Interrogé sur la question de savoir si en 2025 Genève aura construit les 2500 logements par an dont elle a besoin, Benoit Genecand, de la Chambre genevoise immobilière (CGI), lors d'une conférence à l'Institut national genevois a répondu, oui :

1.    car la croissance est une bénédiction

2.    car on a les moyens de le faire en ville, sur la zone villa ancienne

3.    Mais que l'on n'aura pas pour autant résolu la crise du logement. Il sera toujours rare car entretemps, on aura continué à attirer des entreprises.

+ 10'000 habitants par an dans la région genevoise

Ne faut-il pas plutôt renoncer à l'accueil par centaines de multinationales qui amènent des employés par milliers dans notre région.
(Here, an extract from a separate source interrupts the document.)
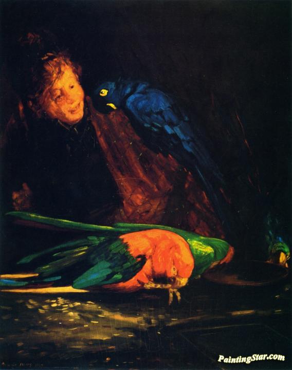 Woman and Macaws, Art Painting by George Benjamin Luks

Employés qu'il faudra bien loger, au détriment des habitants genevois qui, contrairement à ces nouveaux venus, ne bénéficient pas du soutien financier de leur employeur pour louer ou acheter des logements devenus hors de prix vu la demande.

Croissez et multipliez jusqu'à l'étouffement

Se responsabiliser, adapter son mode de vie et le nombre de ses enfants à ses ressources, consommer moins, prôner le mieux plutôt que le plus, en bref, renoncer  à la croissance, le tabou est toujours d'actualité, toute tendance confondue !

 

18/06/2010

Business as usual

La demande d’urgence pour la M1955 « Préservons la biodiversité dans l’espace urbain » a été refusée par le Grande Conseil.

Il fallait être naïf comme une novice pour croire un instant que demander l’urgence pour la préservation de la biodiversité dans notre espace urbain, passerait la rampe au parlement ce jeudi 17 juin. Face aux heures d’ouverture des magasins (LHOM), la nature n’avait aucune chance. En a-t-elle d’ailleurs encore une dans notre monde où la valeur se compte en espèces, celles qui sonnent et trébuchent. A l’instar des crevettes du golfe du Mexique, ou du thon rouge de Méditerranée, la nature à Genève attendra, priorité au commerce.